PD-1/PD-L1 blockade

PD-1/PD-L1 blockade

Overview

PD-1/PD-L1 blockade refers to therapeutic inhibition of the programmed cell death protein 1 (PD-1) receptor and its ligand PD-L1, an immune checkpoint axis that normally restrains T-cell activation. In physiology, this pathway helps maintain peripheral immune tolerance and limits excessive inflammation. In cancer and some inflammatory settings, however, PD-1/PD-L1 signaling can be co-opted to suppress cytotoxic T-cell function, promote T-cell dysfunction, and support immune escape.

As a biomedical target, PD-1/PD-L1 blockade is most widely associated with immunotherapy, but recent studies also examine its role in non-oncologic immune dysregulation, including sepsis. Across these contexts, blockade of the pathway is investigated as a way to restore immune homeostasis, enhance anti-tumor immunity, and counteract immunosuppression. Related mechanisms in the recent literature include PD-L1-mediated suppression of cytotoxic CD8+ T cells, PD-1-associated T-cell dysfunction in multiple myeloma, and checkpoint modulation alongside pathways such as STAT3 and β-catenin.

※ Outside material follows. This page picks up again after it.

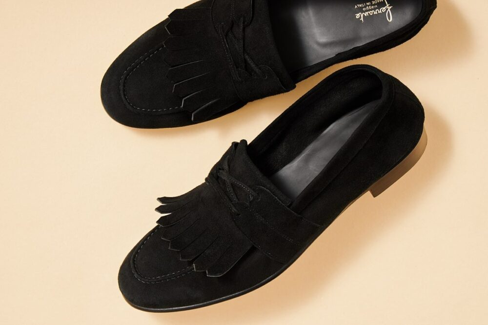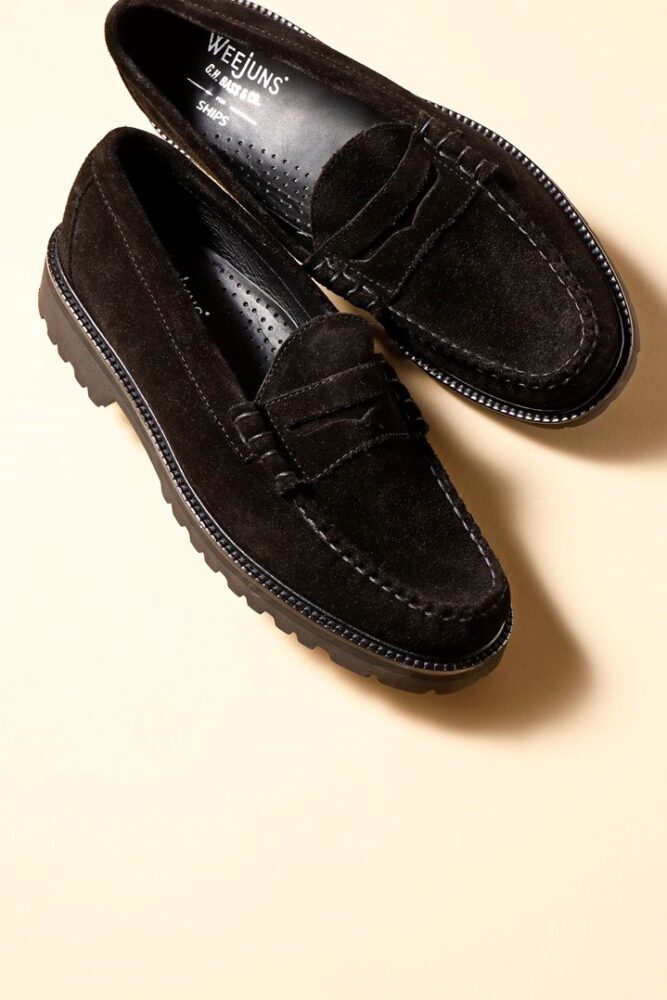 アメトラ定番のローファーであるラーソンを大胆に別注。本来は光沢感のあるガラスレザーであるが、そこを上品なスウェードに変更。さらにソールを軽量なライトソールに変更し、終日履いても疲れにくい仕様に。全体的にボリュームがあり、クラシックモダンな印象となっている。2万9700円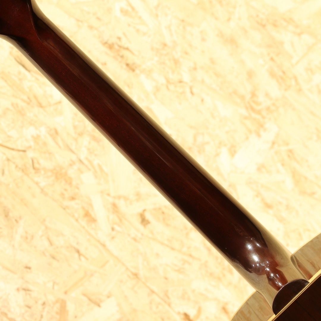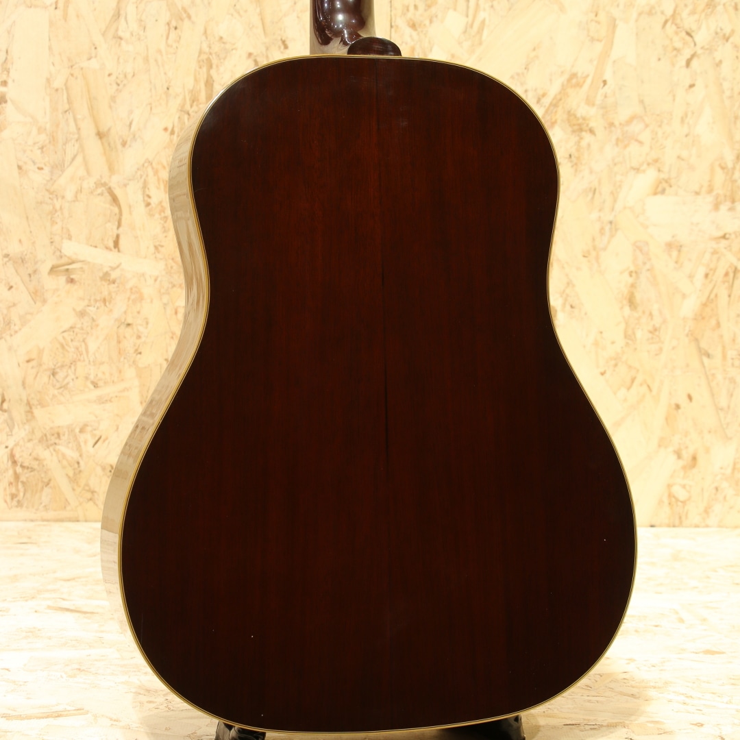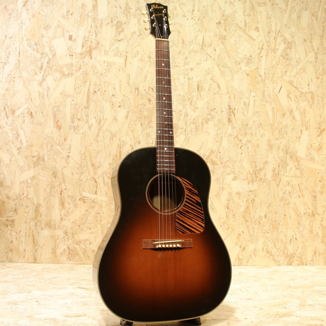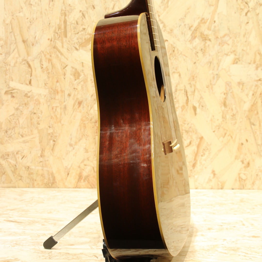 世界中のミュージシャンが愛用するギブソンフラットトップの銘器、"J-45"。発売当時からの伝統的なスタイルを踏襲しながら、時代ごとのニーズに合わせた仕様変更を繰り返し製造を続けています。本器は初年度の1942年J-45を忠実に復刻した、当時のカスタムショップ製ヒストリックコレクション”HC 1942 J-45”。2006年製のUSED品です。アディロンダックレッドスプルーストップ、ホンジュラスマホガニーサイド&バック、マダガスカルローズウッド指板&レクタングルブリッジ、ロングサドル、ワンピースホンジュラスマホガニーネック、塗り込みファイアストライプピックガード、スクリプト&バナーロゴ、チューナーはこのモデルのために用意された特別なスキャロップドベースプレートのオープンギア三連タイプ、先端へ向かって高さがテーパー状になっているXブレイシング。材料はモンタナギブソンのレジェンドルシアー"レン・ファーガソン"が直接ハンドピックしたものが使われています。40年代でも初期を象徴とするスクリプトロゴやバナーロゴ、スキャロップされたベースプレートのオープンギア3連ペグ。40年代のベースボールバットとも称される太いネックを再現し、このグリップでしか出し得ないサウンドを生み出しています。更にはブレイシングまで拘り、ニカワ接着、力木の幅、高さ、形状、これらを手作業でリアルに復刻。現行品と比べてかなり薄く、当時の形状に近しく仕上げられています。何よりもスキャロップではなくノンスキャロップとも言い難い、高さがテーパーになっている形状、通常のラインで作っていない形状の為これだけでも拘り様が窺えます。フィニッシュには当時としては特殊なコンパウンド材を使い、できるだけ薄くマットな仕上がりに。それらの効果なのか、近年のレギュラーJ45とは明らかに異なり、輪郭感のある響きとラウドなサウンド。タイトさのある輪郭と箱で増幅されるふくよかなトーン。太く面で響くような感覚なのにしっかりと弦の音が聞こえる、あの響きに近しいサウンド。ボリューム感もあり音圧のある響きには驚かされることでしょう。現行カスタムショップ製に比べて膨らみ感のある暴れる感覚はやや薄く、その分タイトでクリアなサウンドが出る辺りがポイント。四十年代サウンドに限りなく近づいた現代品、流通の少ない人気のヒストリックコレクションレプリカモデルです。ピックガード外周に経年による収縮の影響なのか一部塗り込みの塗装にウェザーチェックと塗装チップ跡、ボディトップ面サウンドホール6弦側に米粒大の当てキズ、1弦側ボトムに2か所程の小さな当てキズ、ボディ角の当てキズによる塗装欠け等見られますが、全体を通して使用感の少ない個体です。元より特殊なコンパウンドによって半艶に仕上げられているため、薄い擦れキズのようなものが全体に見られますが元々なのか後年入ったのか見分けがつかないほど自然に溶け込んでいます。ネックコンディションも整えられ、演奏する上で問題の無い状態。ロッドは若干締め気味ですが、サドルの高さは充分に稼げており好みによる調整も可能な状態です。フレットも充分残した演奏性良好な逸品。現行のカスタムショップ”1942 Banner J-45”の前身機種”J-45 Legend”、その更に前身機種に当たる再現モデル。何よりここまでの拘りを魅せるモデルはさほど多くありません。究極とも言える拘り、1942リイシューとして完成度の高いモデルです。お見逃しなく。

Focus of Latest Publications

Recent investigations have focused on overcoming resistance to PD-1/PD-L1 blockade through rational combination therapies and temporal sequencing. Sequential treatment with axitinib (VEGFR inhibitor) followed by survivin vaccination and PD-1 blockade achieved high complete response rates in renal cell carcinoma by coordinating vascular reprogramming, antigen-specific priming, and checkpoint release. Intratumoral sodium bicarbonate combined with anti-PD-1 therapy (tislelizumab) in hepatocellular carcinoma elicited 93.3% objective response rate and exceptionally long median progression-free survival (31 months) by triggering immunogenic cell death and dendritic cell activation. Anti-CTLA-4 combined with PD-1 blockade prevented metastasis in immunotherapy-resistant pancreatic cancer by expanding CD4+ T cells with progenitor phenotype and restoring MHC-I expression. Chemical modulators synergized with checkpoint blockade across multiple malignancies: CDK1/Cyclin B1 inhibition in pancreatic cancer, EFHD2 inhibition in colorectal cancer, nanocrystalline berberine in ovarian cancer, and β-catenin palmitoylation inhibition in colorectal cancer each produced superior tumor control when combined with PD-1/PD-L1 blockade.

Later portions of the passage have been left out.